# Were can i get Morio worms from???



## Danny2013 (Jul 4, 2013)

Hi, I am just wondering if anyone noes were i can buy morio worms from online? I have been looking all over and cannot find any! 

If anyone noes somebody that breeds them please let me know. Would be much appreciated 

:2thumb::2thumb::2thumb::2thumb::2thumb::2thumb::2thumb::2thumb::2thumb::2thumb::2thumb::2thumb::2thumb:

Owner of 2 Beardies


----------



## R1Dan (Nov 8, 2009)

Danny2013 said:


> Hi, I am just wondering if anyone noes were i can buy morio worms from online? I have been looking all over and cannot find any!
> 
> If anyone noes somebody that breeds them please let me know. Would be much appreciated
> 
> ...



Livefood Regular STANDARD MEALWORMS 1.5KG Live Food | eBay


----------



## Danny2013 (Jul 4, 2013)

R1Dan said:


> Livefood Regular STANDARD MEALWORMS 1.5KG Live Food | eBay



These are mealworms? I need morio worms sorry.


----------



## R1Dan (Nov 8, 2009)

Danny2013 said:


> These are mealworms? I need morio worms sorry.

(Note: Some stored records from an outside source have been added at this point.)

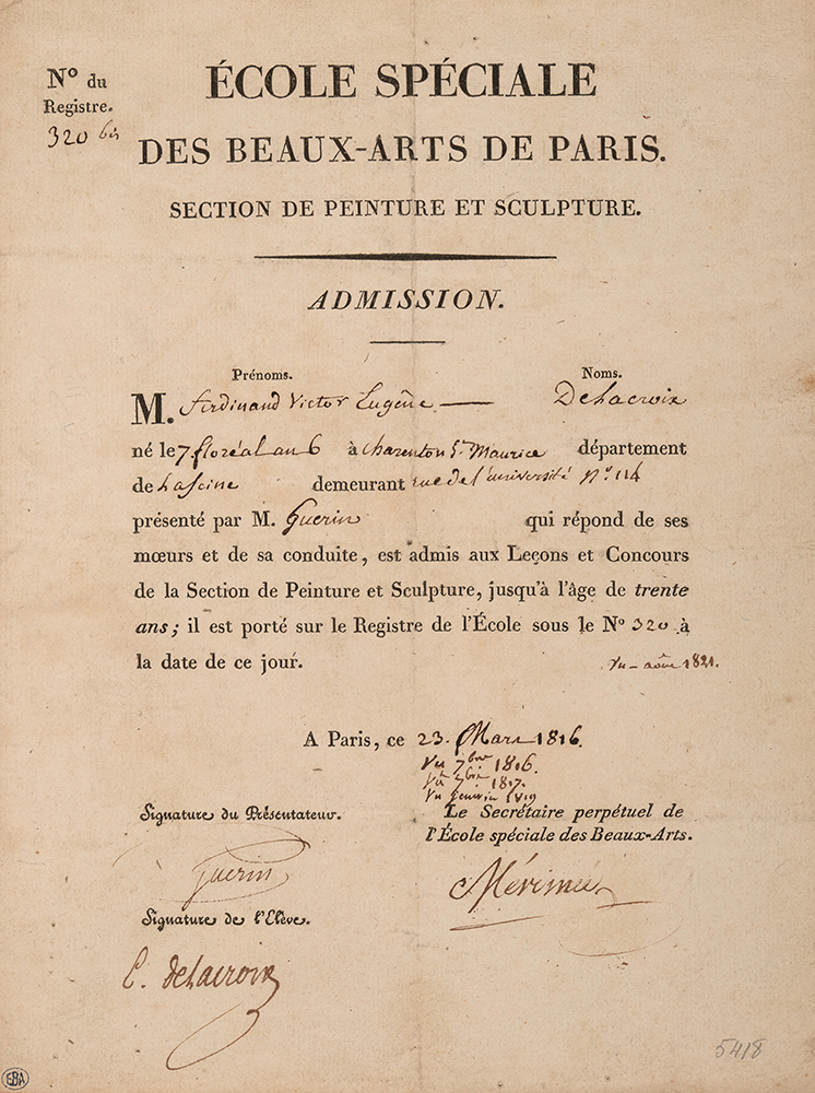 Eugène Delacroix, Formulaire d’inscription d’Eugène Delacroix aux Beaux-Arts de Paris, mars 1816, papier © Beaux-Arts de Paris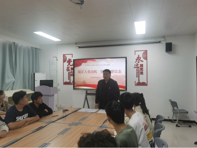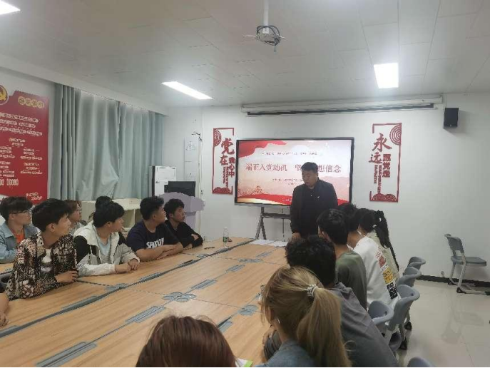 为学习贯彻习近平新时代中国特色社会主义思想及党的二十大精神,进一步加深广大师生对党的性质、纲领、任务、奋斗目标及党员权利和义务的认识与理解,端正入党动机,坚定理想信念,加强对公司师生的培训和教育,提高其思想政治素质和理论水平,信息工程公司党总支教工党支部于2023年5月8日,在郑州校区A514举行“端正入党动机 坚定理想信念”专题党课,教工党支部书记王雷为本次党课主讲人,2022级部分入党积极分子共50余人参加此次党课学习。
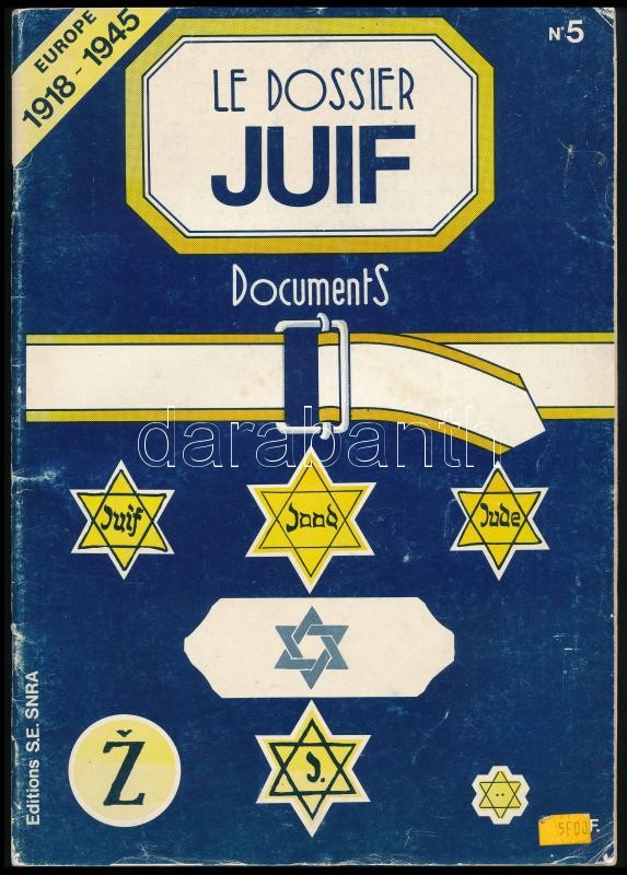Leírás: 1979 Le Dossier Juif. Documents. Europe 1918-1945. Paris, Editions S.E. SNRA, 76 p. Fekete-fehér fotókkal illusztrálva, francia nyelven. Tűzött papírkötés, kopott borítóval, helyenként kissé sérült lapokkal.

Pretty much same thing, but heres another link Morio Worms (super worms) LOOK!!! | eBay


----------



## Danny2013 (Jul 4, 2013)

R1Dan said:


> Pretty much same thing, but heres another link Morio Worms (super worms) LOOK!!! | eBay


Thats em! Thankyou very much


----------



## Guest (Jul 12, 2013)

I think they are the same thing.... I bred from morio worms recently and as soon as they got to the size of adult mealworms they started chaging into beetles!


----------



## mrkeda (Nov 6, 2012)

Morio worms are different. I think the confusion is with ginat meal worms, they're just meal worms. 
I didn't know that until I had two colonys set up and breeding :bash:


----------



## StuOwen86 (Nov 12, 2012)

I've been buying morio's from pets at home.

Stu


----------



## Danny2013 (Jul 4, 2013)

I found some in the end! Ordered three tubs from Livefoods direct. Really cheap aswell and they look very healthy 

:2thumb::2thumb::2thumb:


----------



## R1Dan (Nov 8, 2009)

Danny2013 said:


> I found some in the end! Ordered three tubs from Livefoods direct. Really cheap aswell and they look very healthy
> 
> :2thumb::2thumb::2thumb:


Brill.: victory:


----------



## Dragon Farm (Aug 7, 2009)

Danny2013 said:


> I found some in the end! Ordered three tubs from Livefoods direct. Really cheap aswell and they look very healthy
> 
> :2thumb::2thumb::2thumb:


According to their own website they are not selling morios at the moment. I reckon you probably have oversized normal mealworms not morios.


----------



## tremerz97 (Nov 30, 2012)

they are not the same. size difference and morios contain a lot more fat


----------



## Dragon Farm (Aug 7, 2009)

Have you ever seen a nutritional analysis of these hormone fed, overgrown mealworms then to be able to compare them ?


----------



## mrkeda (Nov 6, 2012)

Dragon Farm said:


> Have you ever seen a nutritional analysis of these hormone fed, overgrown mealworms then to be able to compare them ?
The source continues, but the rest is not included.